REM resolve the system of 2 linear equations to get $CC and $CNi 
call export A=(0.2199-(%TM20%)*(%CTm%))/(%NI20%)
call export B=(-0.328-(%TM22%)*(%CTm%))/(%NI22%)

REM Cni=A-C20*CC/NI20
REM Cni+C22*CC/NI22=B

REM A-B=C20*CC/NI20-C22*CC/NI22=CC*(C20/NI20-C22/NI22)=CC*C
call export C=(%C20%)/(%NI20%)-(%C22%)/(%NI22%)
call export CC=((%A%)-(%B%))/(%C%)
call export CNi=%A%-(%C20%)*(%CC%)/(%NI20%)

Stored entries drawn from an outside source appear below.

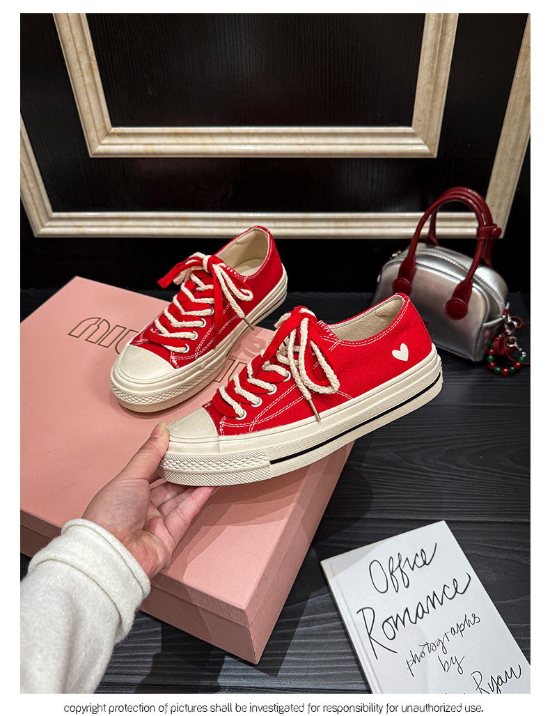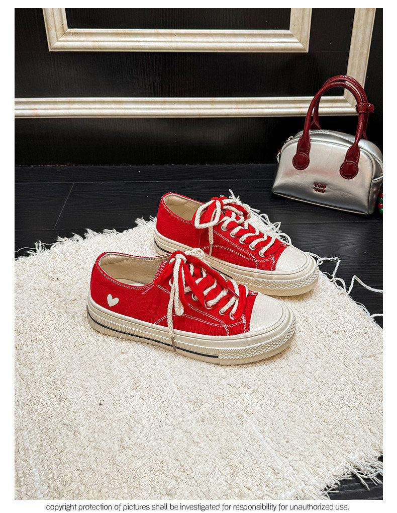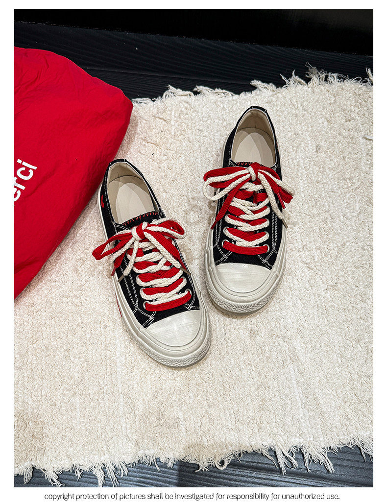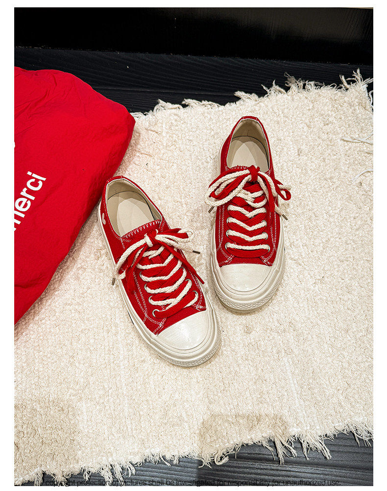 Hong Kong Retro Distressed Canvas Shoes for Women, Early Spring Low-Top Flat Casual White Shoes, Thick-Soled Biscuit Sneakers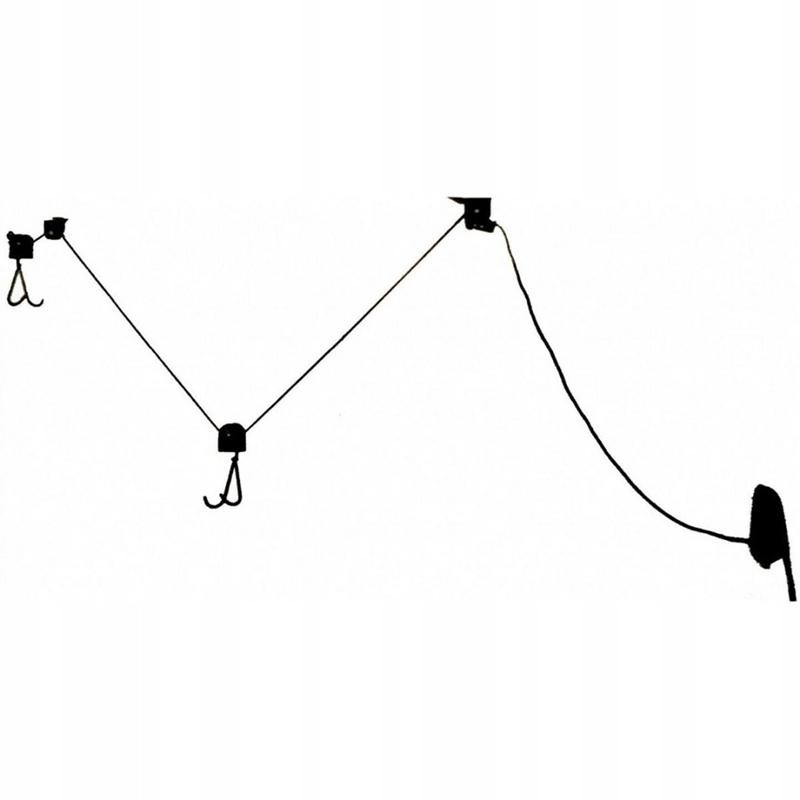 Ein Seil wird mitgeliefert, um die Lagerung unter der Decke mit einer maximalen Höhe von 4 Metern zu ermöglichen. Der Halter ist für die Aufnahme von Fahrrädern mit einem Höchstgewicht von 20 kg ausgelegt.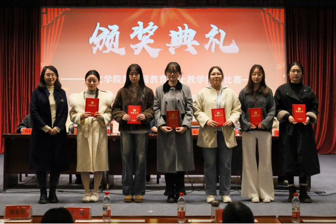 在闭幕式环节,各分会场代表五位同学分别进行小组汇报,分享了各组的讨论收获。周太空、唐媛媛两位老师作为青年教师代表发言,寄语全体学子在研究领域要打破思维定式,敢于创新,做扎实学问,并且永远保持对学术问题的热情。随后,还举行了学院第三届教育硕士教学技能比赛和学院第五届“振风学术论坛”颁奖仪式。学院领导和论坛点评嘉宾分别为获奖学生颁奖并合影留念。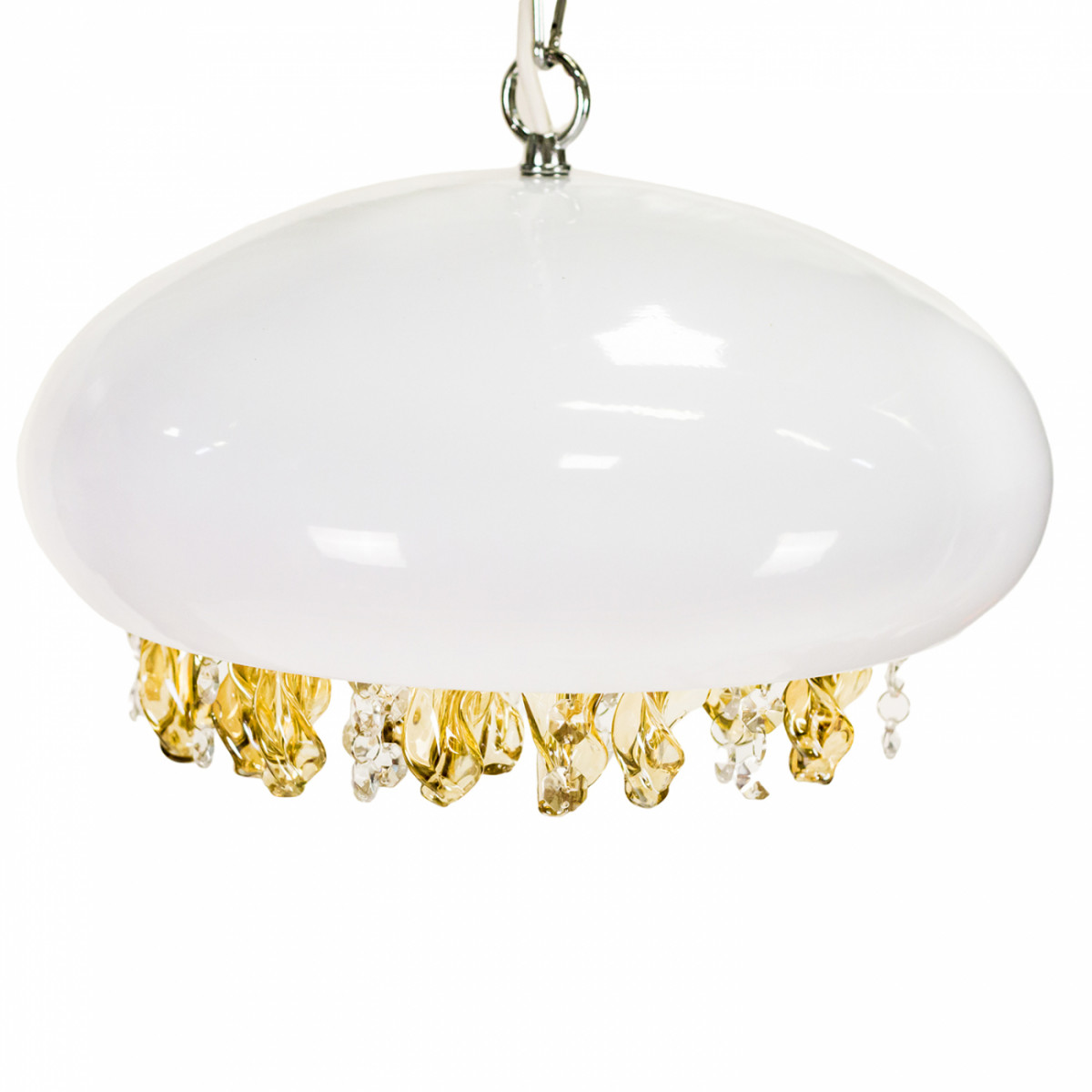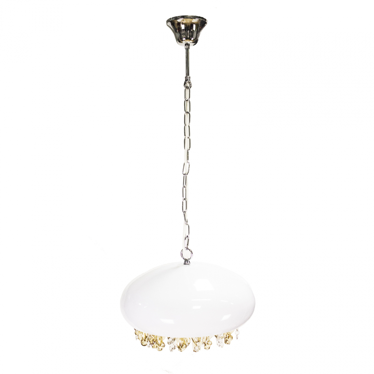 Абажур железо, окрашенное в белый цвет, основание хромированное железо, хрусталь, предназначена для использования со светодиодными лампами, лампы не включены в комплект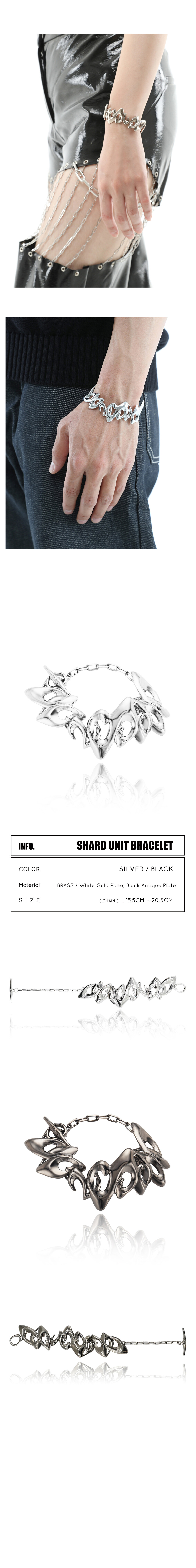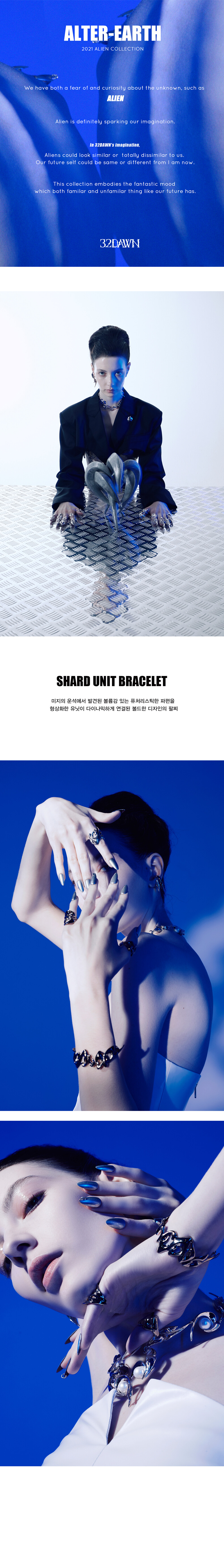 미지의 운석에서 발견된 볼륨감 있는 퓨처리스틱한 파편을 형상화한 유닛이 다이나믹하게 연결된 볼드한 디자인의 팔찌

REM use cif2mcphas to calculate point charge model
call cif2mcphas -pc %RR% -sp -nm Ni -ch Tm=%CTm%,Ni=%CNi%,C=%CC% ../TmNiC2_400K.cif -sf sf.r

REM now the point charge determined crystal field parameters are in
REM Tm1_1.sipf  and this can be used to calculate chi and fit it to data ...

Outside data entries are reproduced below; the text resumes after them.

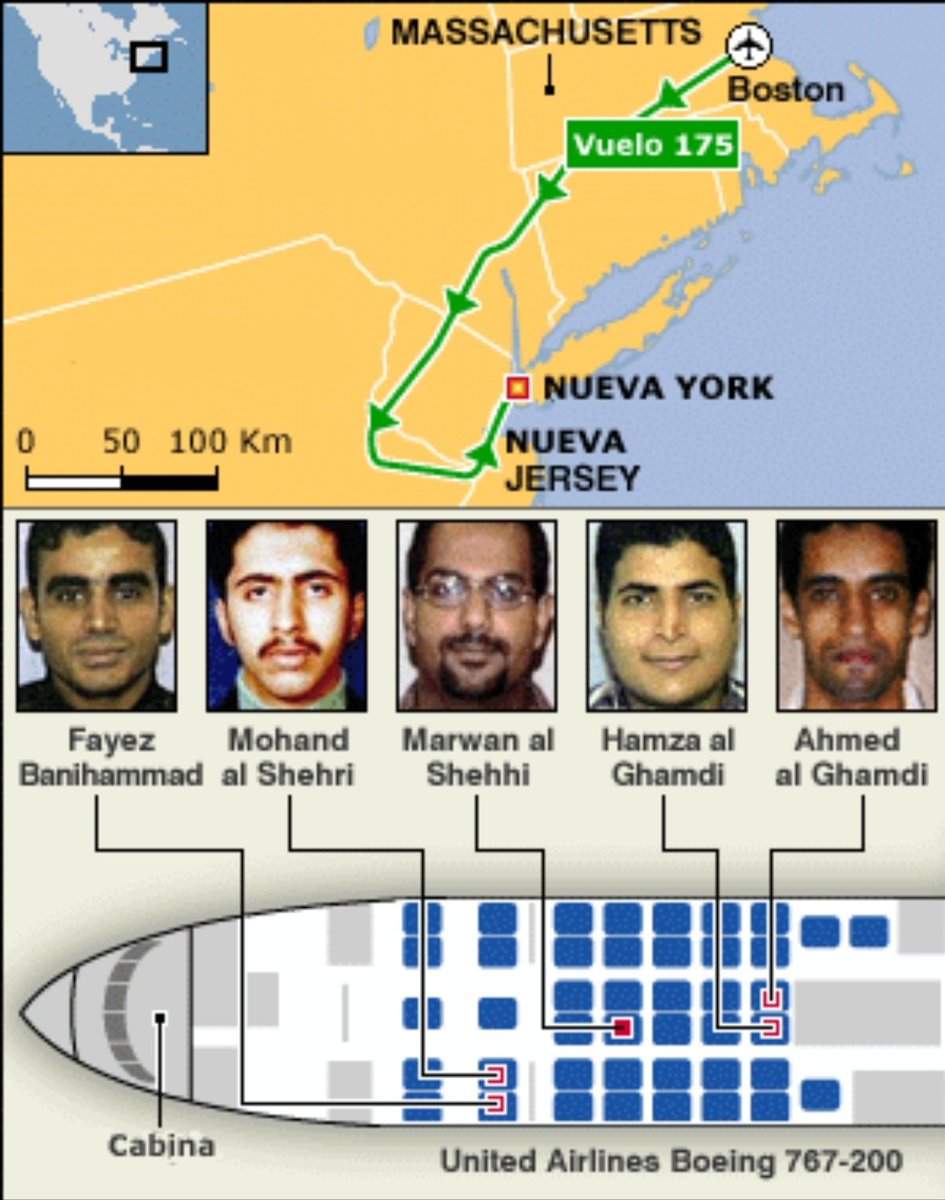 A su vez, el vuelo United 175 de Boston, de nuevo con 2 ex-militares estadounidenses a los mandos, es secuestrado por otros 5 terroristas.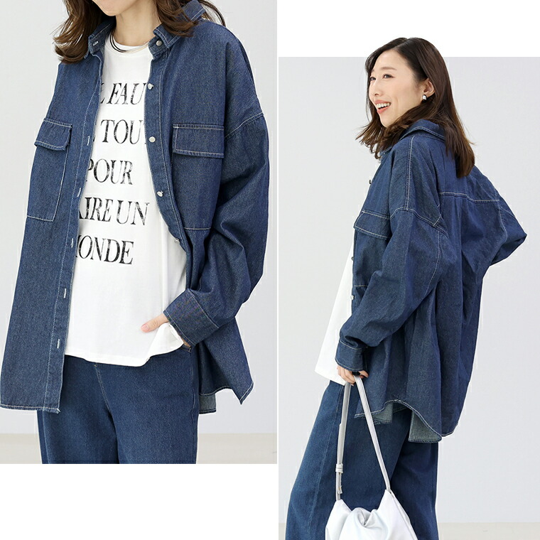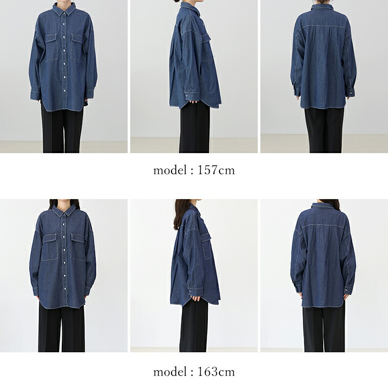 | 着丈はヒップから11cm下。袖丈は手首から15cm下。ゆったりしたシルエットでお腹やヒップを体系カバー◎。少し厚手なので春にはシャツ以外にも羽織としても使えていいですね。 |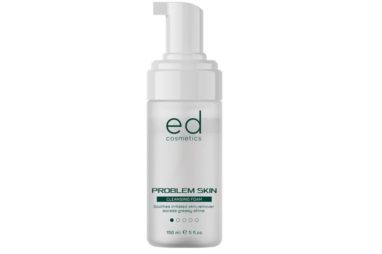 ED Cosmetics Очищувальна пінка Problem Skin Cleansing Foam 150 мл – це м’який, але ефективний засіб для щоденного очищення проблемної та схильної до подразнень шкіри обличчя. Формула пінки делікатно видаляє забруднення, надлишки себуму та макіяж, не порушуючи природного гідроліпідного балансу. Пінка допомагає підтримувати чистоту, комфорт і доглянутий вигляд шкіри без відчуття сухості.

call perl -e "for($T=1;$T<400;$T+=30){system('singleion '.$T.' 1 0 0 0 0 0');}" > results\chianew.clc
call perl -e "for($T=1;$T<400;$T+=30){system('singleion '.$T.' 0 1 0 0 0 0');}" > results\chibnew.clc
call perl -e "for($T=1;$T<400;$T+=30){system('singleion '.$T.' 0 0 1 0 0 0');}" > results\chicnew.clc

call delcomments -fromline 20 results/chianew.clc results/chibnew.clc results/chicnew.clc 
call fillcol 6 1/c9 results/chianew.clc
call fillcol 7 1/c10 results/chibnew.clc
call fillcol 8 1/c11 results/chicnew.clc
call factcol 1 0 results/chianew.clc results/chibnew.clc results/chicnew.clc
REM put susceptibility how it should be to column 1 in chi*new.clc
call add 2 1 results/chianew.clc 1 2 exp/chia.dat
call add 2 1 results/chibnew.clc 1 2 exp/chib.dat
call add 2 1 results/chicnew.clc 1 2 exp/chic.dat

REM chi2 is used to calculate sta 
call chi2 6 1 3 results/chianew.clc
call chi2 7 1 4 results/chibnew.clc
call chi2 8 1 5 results/chicnew.clc

REM this is just to print out what parameters have been used
echo cif2mcphas -pc %RR% -sp -nm Ni -ch Tm=%CTm%,Ni=%CNi%,C=%CC% TmNiC2_400K.cif -sf sf.r

The screening file sf.r is:

# screeningfile 
# r[A]   sf(l=2)   sf(l=4)  sf(l=6)
+2.5978 0.56 0.53 0.48 
3.589 0.6747 0.44 0.677

Exercises:

• Start the fit example given for the fitting of the magnetic excitations of CeCu$_2$ in mcphas/examples/cecu2a/fit. First copy the file mcphas.jjj.sav to mcphas.jjj Then start the fit by typing simannfit 10 mcphas.jjj.
• Stop the fit by editing calcsta as described above.
• Copy mcphas.jjj.fit to mcphas.jjj and type calcsta. What is the standard-deviation ?
• In order to fit crystal field parameters to transition energies of neutron intensities write a module calcsta for CeCu$_2$ which uses only the program cfield to calculate the transition matrix elements and compare them to experimental data. The section 19 contains some further programs which might help.